▸ **Supplied data**

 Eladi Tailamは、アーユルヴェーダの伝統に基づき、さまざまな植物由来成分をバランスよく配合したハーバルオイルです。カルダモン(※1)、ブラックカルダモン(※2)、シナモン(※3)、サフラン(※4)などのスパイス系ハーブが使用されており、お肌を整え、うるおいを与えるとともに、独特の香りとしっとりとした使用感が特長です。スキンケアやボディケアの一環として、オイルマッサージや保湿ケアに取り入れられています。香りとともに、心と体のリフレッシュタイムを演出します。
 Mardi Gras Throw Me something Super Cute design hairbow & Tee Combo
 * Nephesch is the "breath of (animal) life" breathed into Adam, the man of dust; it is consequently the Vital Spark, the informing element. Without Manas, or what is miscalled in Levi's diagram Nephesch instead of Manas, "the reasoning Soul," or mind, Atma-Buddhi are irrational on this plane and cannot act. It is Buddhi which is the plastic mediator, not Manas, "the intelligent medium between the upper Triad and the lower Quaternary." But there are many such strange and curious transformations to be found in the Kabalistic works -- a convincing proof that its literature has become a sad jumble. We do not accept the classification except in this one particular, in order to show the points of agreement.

▸ **Problem to solve**
Return the data in full, exactly as it appears above.

▸ **Result for this task**
 Eladi Tailamは、アーユルヴェーダの伝統に基づき、さまざまな植物由来成分をバランスよく配合したハーバルオイルです。カルダモン(※1)、ブラックカルダモン(※2)、シナモン(※3)、サフラン(※4)などのスパイス系ハーブが使用されており、お肌を整え、うるおいを与えるとともに、独特の香りとしっとりとした使用感が特長です。スキンケアやボディケアの一環として、オイルマッサージや保湿ケアに取り入れられています。香りとともに、心と体のリフレッシュタイムを演出します。
 Mardi Gras Throw Me something Super Cute design hairbow & Tee Combo
 * Nephesch is the "breath of (animal) life" breathed into Adam, the man of dust; it is consequently the Vital Spark, the informing element. Without Manas, or what is miscalled in Levi's diagram Nephesch instead of Manas, "the reasoning Soul," or mind, Atma-Buddhi are irrational on this plane and cannot act. It is Buddhi which is the plastic mediator, not Manas, "the intelligent medium between the upper Triad and the lower Quaternary." But there are many such strange and curious transformations to be found in the Kabalistic works -- a convincing proof that its literature has become a sad jumble. We do not accept the classification except in this one particular, in order to show the points of agreement.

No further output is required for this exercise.